┌──

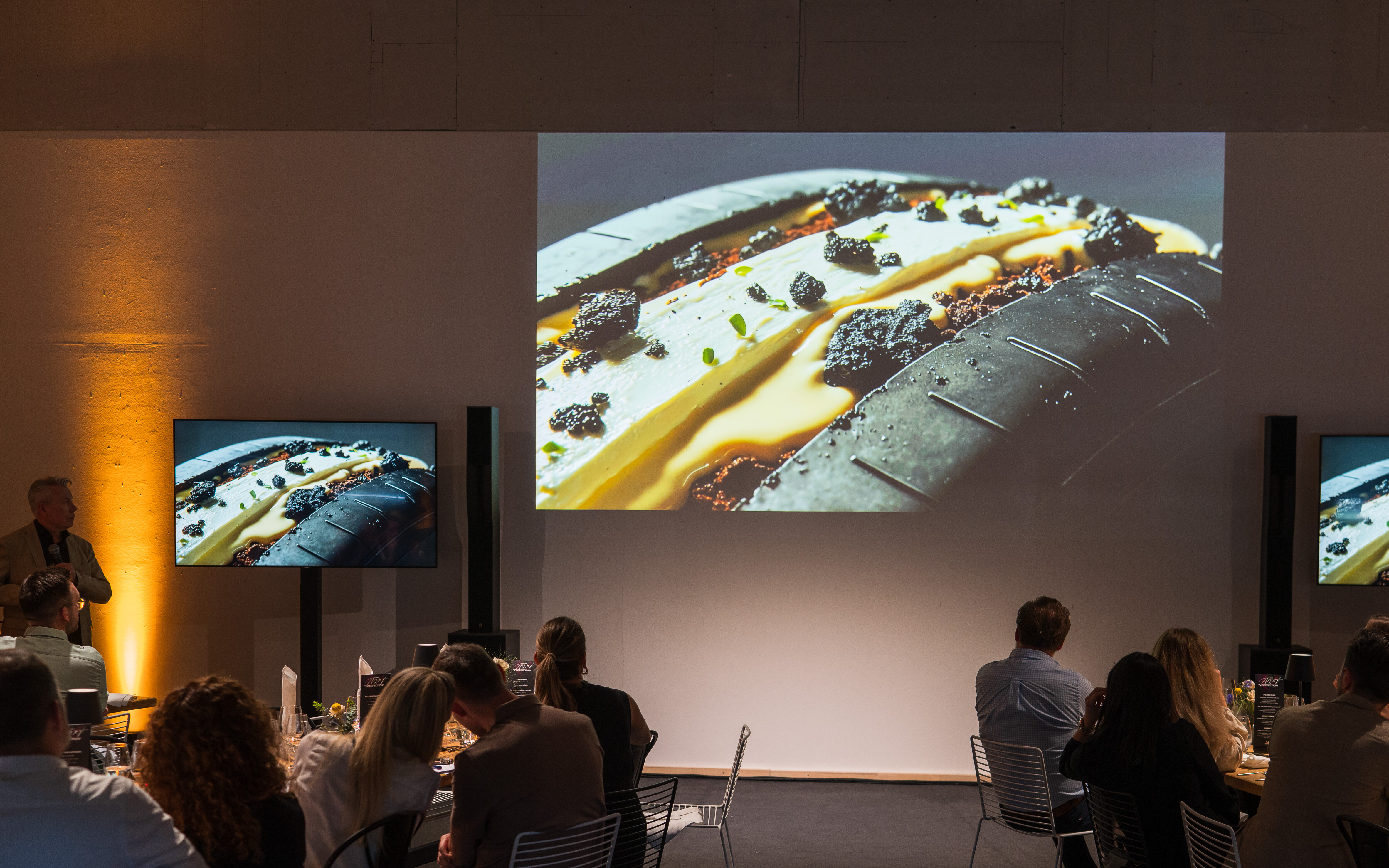 Perfektion ist kein Ziel, sondern ein Prozess – geprägt von Innovation, Handwerk und dem Mut, Neues zu schaffen. The Art of Perfection übersetzt diesen Gedanken in eine inszenierte Komposition aus Kulinarik und digitaler Kunst. Ein Koch auf Sterne-Niveau und ein Digital Artist traten dafür in einen gestalterischen Dialog: Jeder zubereitete Gang wurde zur Inspirationsquelle für eine visuelle Interpretation – visualisiert durch KI-basierte Inhalte, abgestimmt auf den Ablauf vor Ort. Aromen, Texturen und Kompositionen flossen in Farbflächen, Kontraste und Bewegungen ein. Kulinarik und digitale Kunst reagierten aufeinander, synchronisiert in Ablauf und Ausdruck.
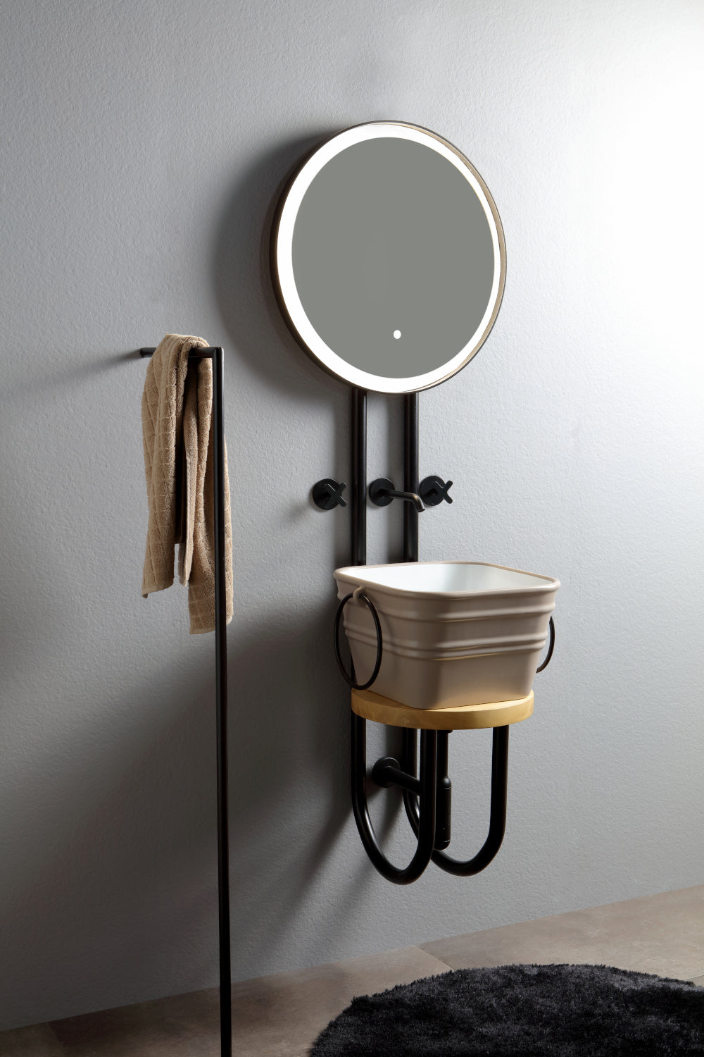 Struttura in metallo sospesa con specchio retroilluminato a Led e ripiano in marmo, per lavabi Bacile Cubo e Bacile Midi. Disponibile in due colori.
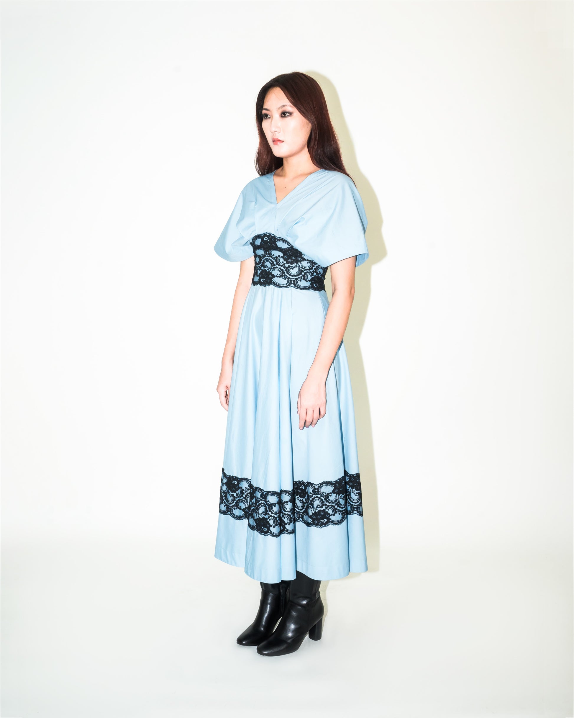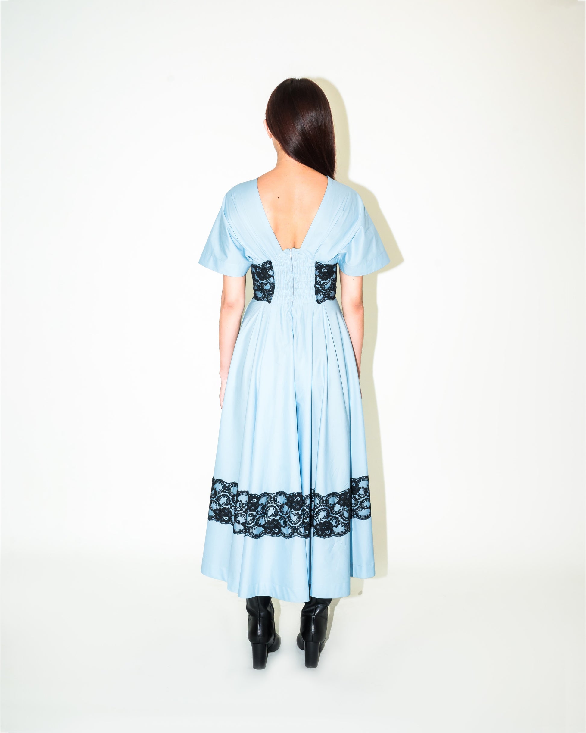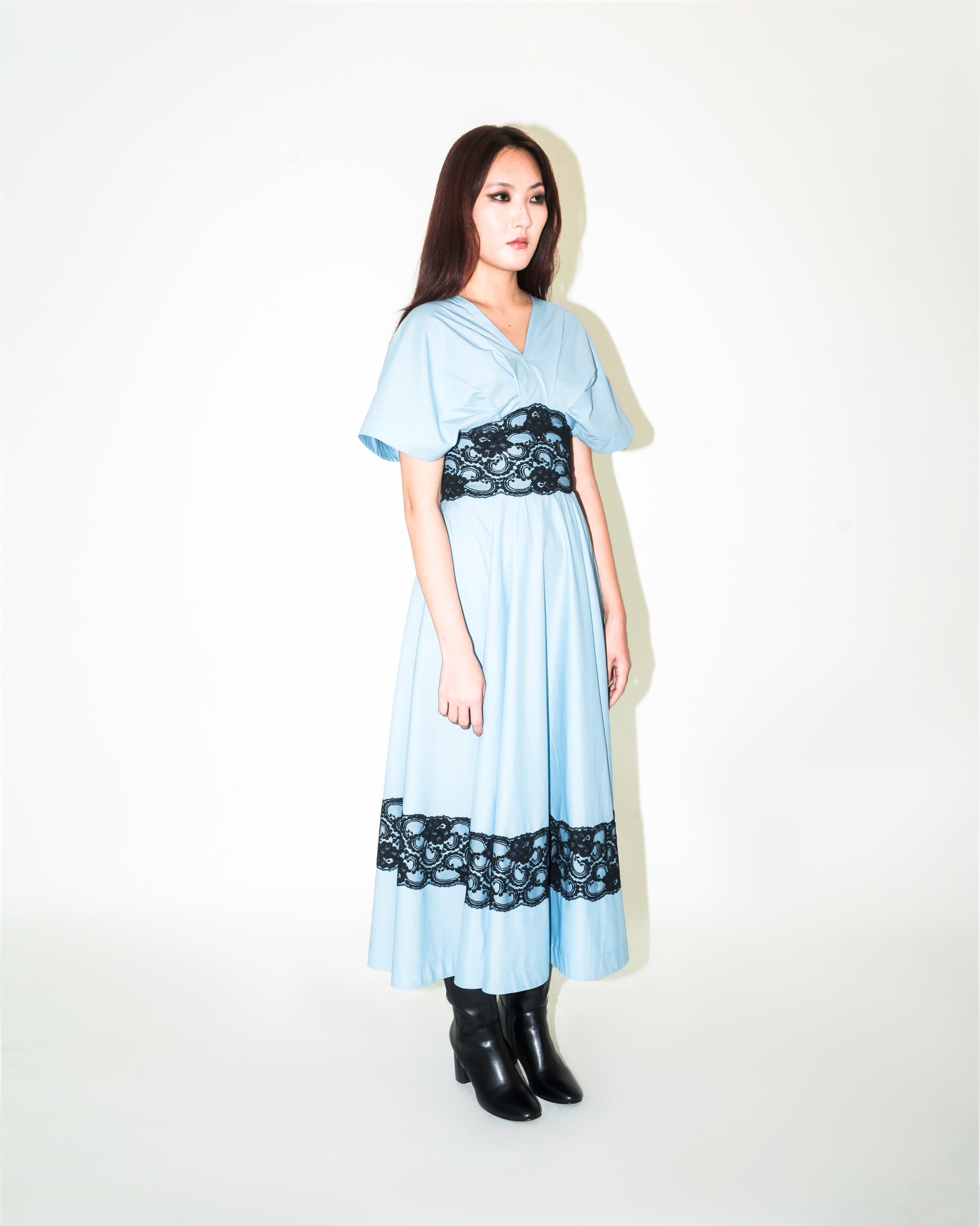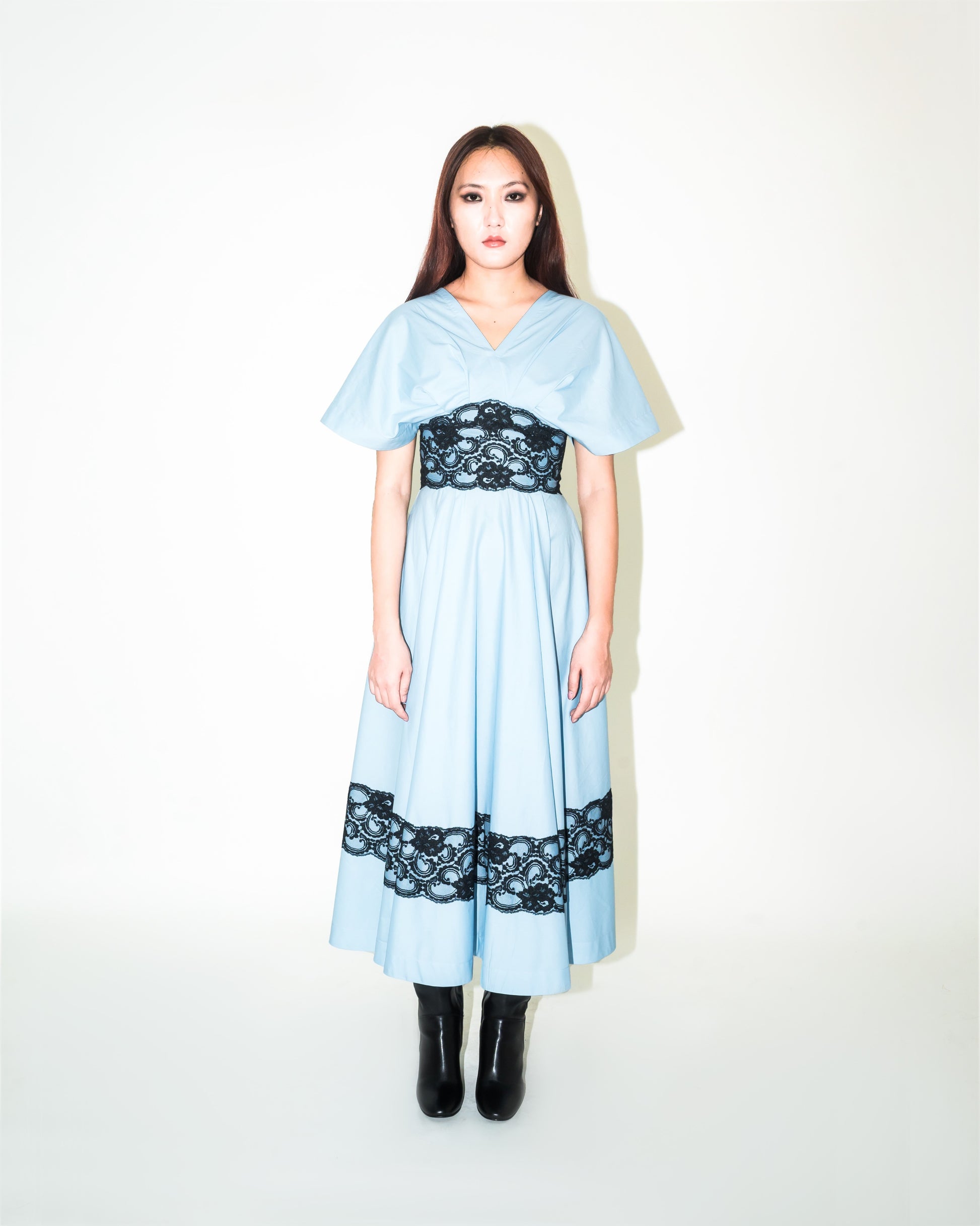 Pleated bodice with extended sleeves and fitted at waist with back elastic for comfort this lace detailed dress is made of 100% cotton fabric with a circular cut bottom. Model height is 5.8" Model wear size S garment length is 51"
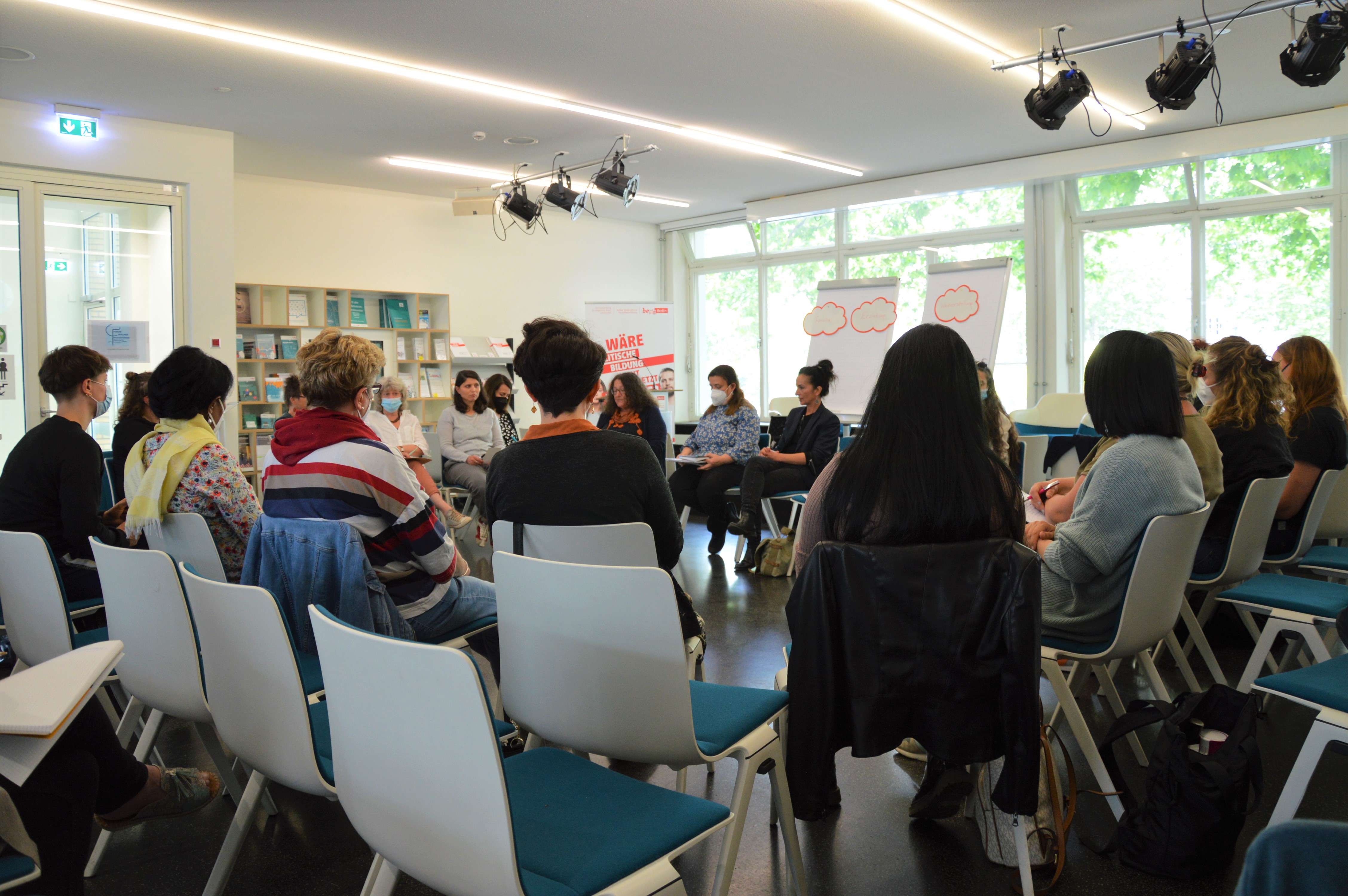 Diese Kooperationsveranstaltung zur Situation migrantischer Frauen* in Berlin findet im Kontext der Open-Air-Ausstellung »Die Hälfte Berlins – ein Blick auf 150 Jahre Frauenbewegung« der Berliner Landeszentrale für politische Bildung statt.
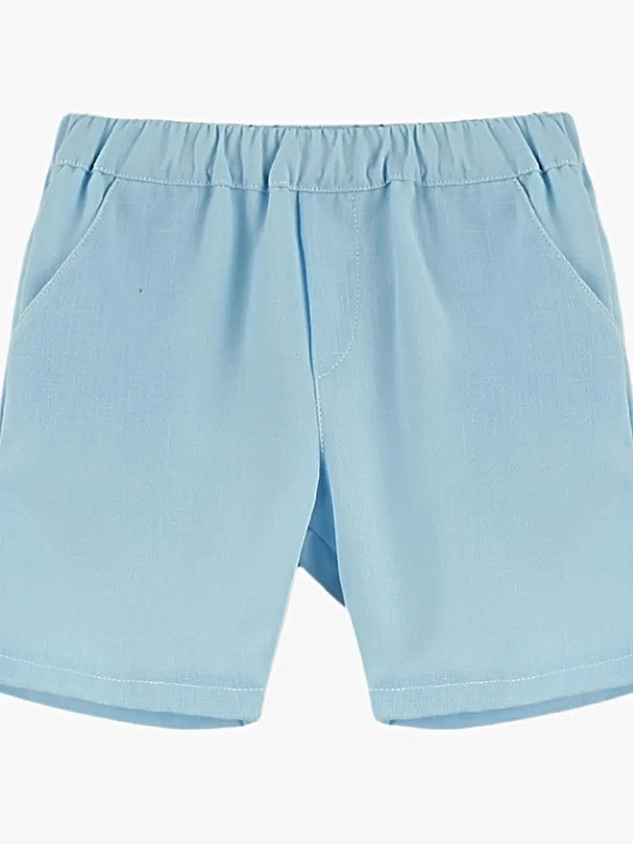 Short garçon en coton et lin – Bleu ciel
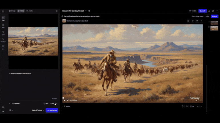Runway — ИИ-сервис для генерации и редактирования изображений, видео и аудио. От аналогов он отличается собственной моделью Gen-4.5, которая сохраняет персонажей, объекты и окружение от сцены к сцене. Это позволяет создавать серии картинок и длинные видеоролики без постоянной пересборки визуального стиля.
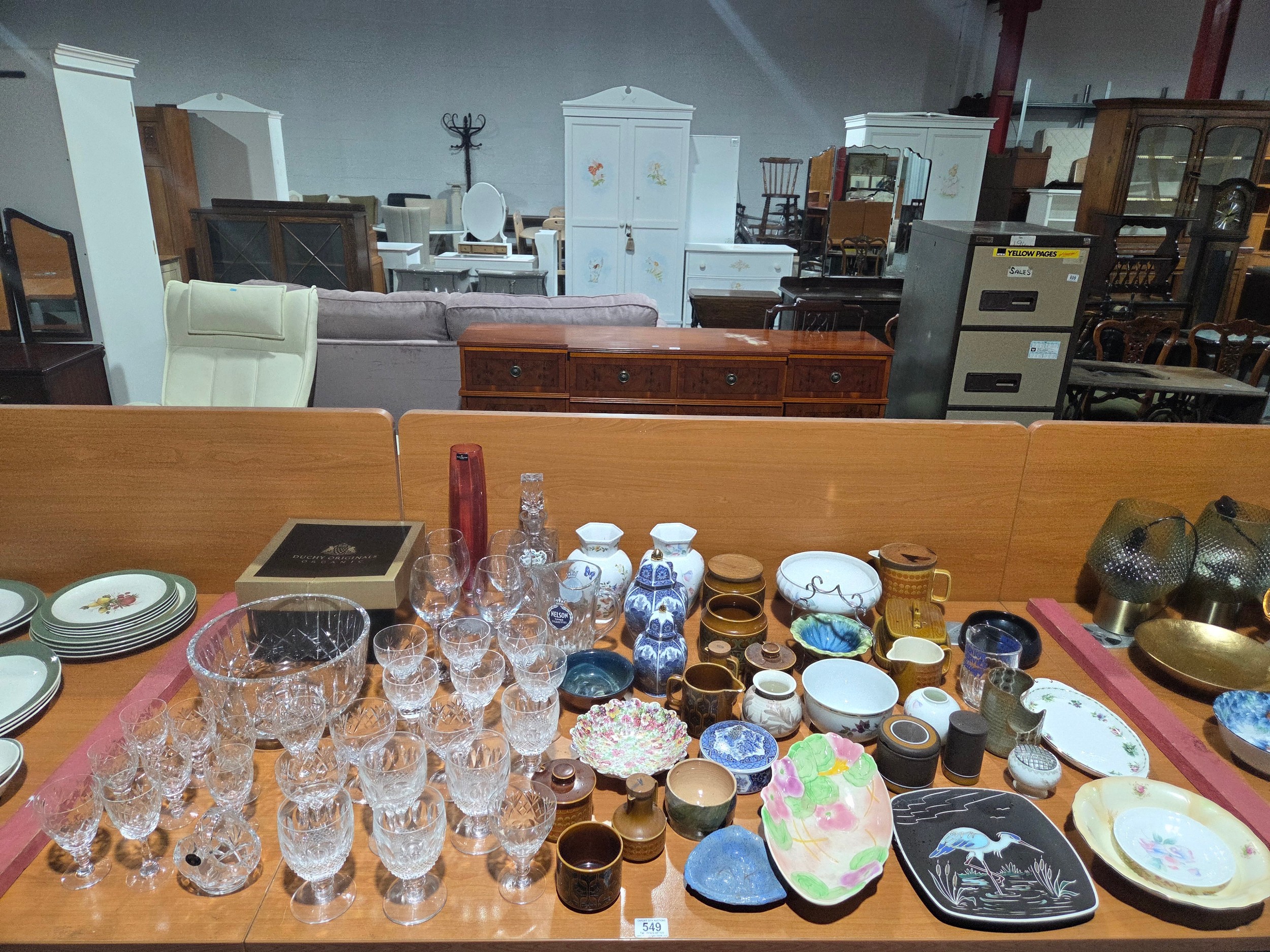 Decorative china and glassware to include a cut glass decanter, bowl, Hornsea, Aynsley, etc

└──

# Problem
When you come to the line containing "Diese Kooperationsveranstaltung zur" in the records above, repeat that line and all lines after it exactly, but not the pictures.

# Result below
 Diese Kooperationsveranstaltung zur Situation migrantischer Frauen* in Berlin findet im Kontext der Open-Air-Ausstellung »Die Hälfte Berlins – ein Blick auf 150 Jahre Frauenbewegung« der Berliner Landeszentrale für politische Bildung statt.
 Short garçon en coton et lin – Bleu ciel
Runway — ИИ-сервис для генерации и редактирования изображений, видео и аудио. От аналогов он отличается собственной моделью Gen-4.5, которая сохраняет персонажей, объекты и окружение от сцены к сцене. Это позволяет создавать серии картинок и длинные видеоролики без постоянной пересборки визуального стиля.
 Decorative china and glassware to include a cut glass decanter, bowl, Hornsea, Aynsley, etc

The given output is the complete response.